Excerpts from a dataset
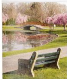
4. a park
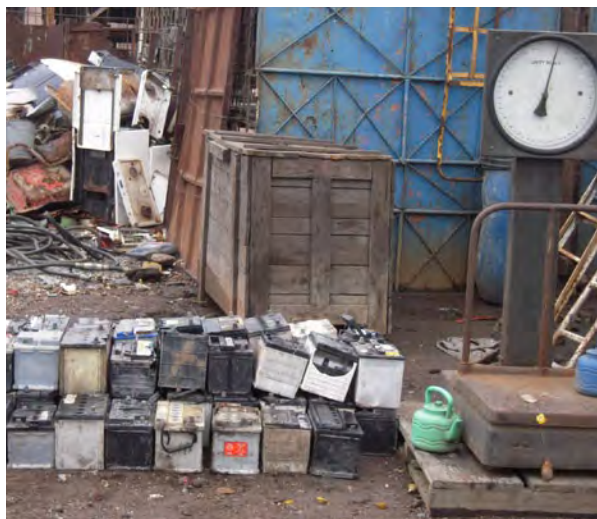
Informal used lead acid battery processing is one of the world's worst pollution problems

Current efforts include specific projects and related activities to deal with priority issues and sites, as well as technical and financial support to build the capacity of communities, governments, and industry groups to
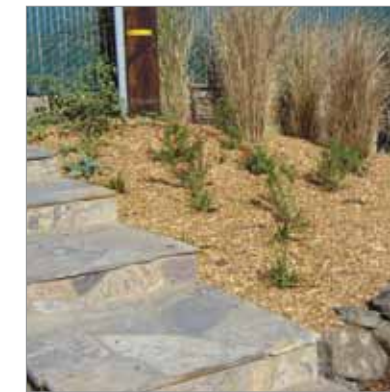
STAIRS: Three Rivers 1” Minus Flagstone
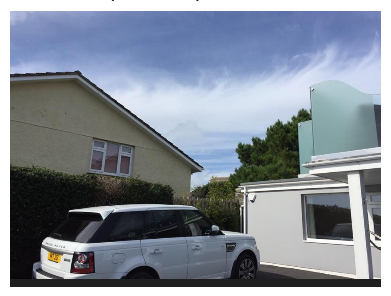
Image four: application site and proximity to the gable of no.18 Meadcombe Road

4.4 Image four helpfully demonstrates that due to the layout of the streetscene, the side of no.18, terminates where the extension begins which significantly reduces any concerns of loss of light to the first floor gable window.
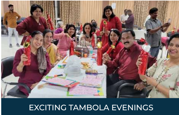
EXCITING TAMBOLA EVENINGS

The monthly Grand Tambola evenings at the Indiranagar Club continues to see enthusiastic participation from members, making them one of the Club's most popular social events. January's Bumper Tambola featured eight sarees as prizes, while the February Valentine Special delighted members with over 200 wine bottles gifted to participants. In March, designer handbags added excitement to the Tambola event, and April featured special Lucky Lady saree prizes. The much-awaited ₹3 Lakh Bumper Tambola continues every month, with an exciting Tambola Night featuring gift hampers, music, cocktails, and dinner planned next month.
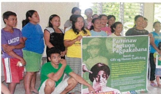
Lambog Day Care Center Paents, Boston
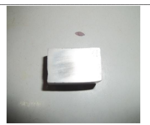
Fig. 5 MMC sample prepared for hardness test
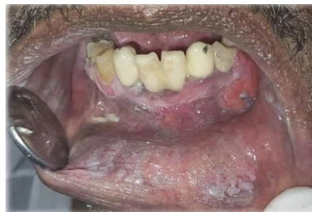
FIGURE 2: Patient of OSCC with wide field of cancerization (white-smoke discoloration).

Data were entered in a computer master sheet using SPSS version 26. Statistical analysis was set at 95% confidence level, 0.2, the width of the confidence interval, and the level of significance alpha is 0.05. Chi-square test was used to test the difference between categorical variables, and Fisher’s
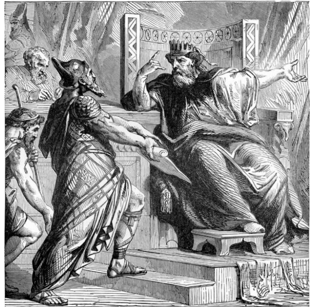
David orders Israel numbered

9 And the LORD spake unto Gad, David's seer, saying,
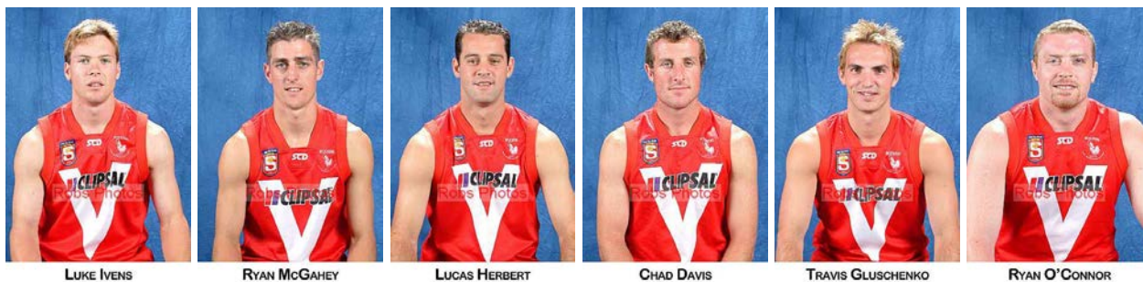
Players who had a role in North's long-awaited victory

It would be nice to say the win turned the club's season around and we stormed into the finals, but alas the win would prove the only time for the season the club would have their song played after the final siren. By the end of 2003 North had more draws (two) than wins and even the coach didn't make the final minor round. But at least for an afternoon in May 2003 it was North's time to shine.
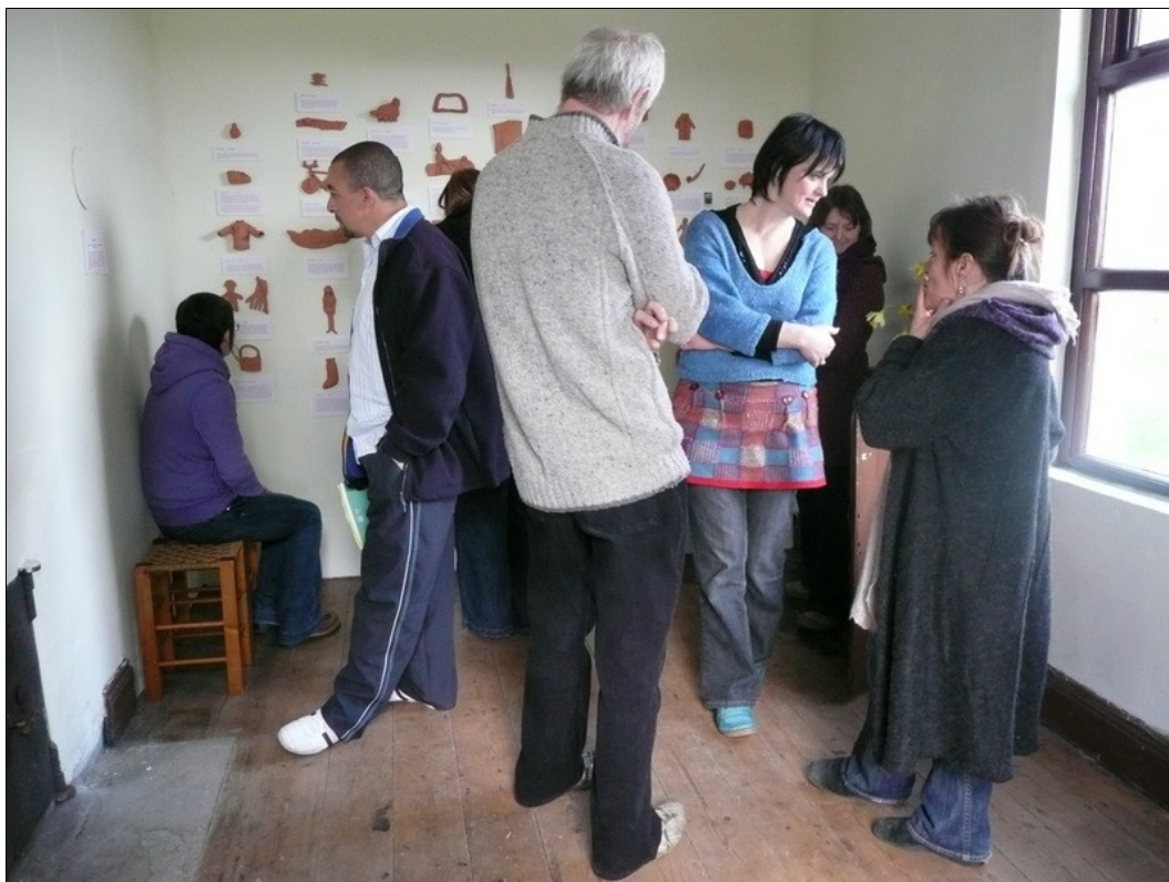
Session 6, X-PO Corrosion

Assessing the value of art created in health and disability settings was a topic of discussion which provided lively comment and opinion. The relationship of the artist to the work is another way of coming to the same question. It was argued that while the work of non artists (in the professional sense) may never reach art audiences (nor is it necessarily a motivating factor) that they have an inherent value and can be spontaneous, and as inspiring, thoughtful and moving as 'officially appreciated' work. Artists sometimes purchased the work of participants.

### Instructions to follow
With the pictures omitted, reproduce the data above exactly.

### Task solution
4. a park
Informal used lead acid battery processing is one of the world's worst pollution problems

Current efforts include specific projects and related activities to deal with priority issues and sites, as well as technical and financial support to build the capacity of communities, governments, and industry groups to
STAIRS: Three Rivers 1” Minus Flagstone
Image four: application site and proximity to the gable of no.18 Meadcombe Road

4.4 Image four helpfully demonstrates that due to the layout of the streetscene, the side of no.18, terminates where the extension begins which significantly reduces any concerns of loss of light to the first floor gable window.
EXCITING TAMBOLA EVENINGS

The monthly Grand Tambola evenings at the Indiranagar Club continues to see enthusiastic participation from members, making them one of the Club's most popular social events. January's Bumper Tambola featured eight sarees as prizes, while the February Valentine Special delighted members with over 200 wine bottles gifted to participants. In March, designer handbags added excitement to the Tambola event, and April featured special Lucky Lady saree prizes. The much-awaited ₹3 Lakh Bumper Tambola continues every month, with an exciting Tambola Night featuring gift hampers, music, cocktails, and dinner planned next month.
Lambog Day Care Center Paents, Boston
Fig. 5 MMC sample prepared for hardness test
FIGURE 2: Patient of OSCC with wide field of cancerization (white-smoke discoloration).

Data were entered in a computer master sheet using SPSS version 26. Statistical analysis was set at 95% confidence level, 0.2, the width of the confidence interval, and the level of significance alpha is 0.05. Chi-square test was used to test the difference between categorical variables, and Fisher’s
David orders Israel numbered

9 And the LORD spake unto Gad, David's seer, saying,
Players who had a role in North's long-awaited victory

It would be nice to say the win turned the club's season around and we stormed into the finals, but alas the win would prove the only time for the season the club would have their song played after the final siren. By the end of 2003 North had more draws (two) than wins and even the coach didn't make the final minor round. But at least for an afternoon in May 2003 it was North's time to shine.
Session 6, X-PO Corrosion

Assessing the value of art created in health and disability settings was a topic of discussion which provided lively comment and opinion. The relationship of the artist to the work is another way of coming to the same question. It was argued that while the work of non artists (in the professional sense) may never reach art audiences (nor is it necessarily a motivating factor) that they have an inherent value and can be spontaneous, and as inspiring, thoughtful and moving as 'officially appreciated' work. Artists sometimes purchased the work of participants.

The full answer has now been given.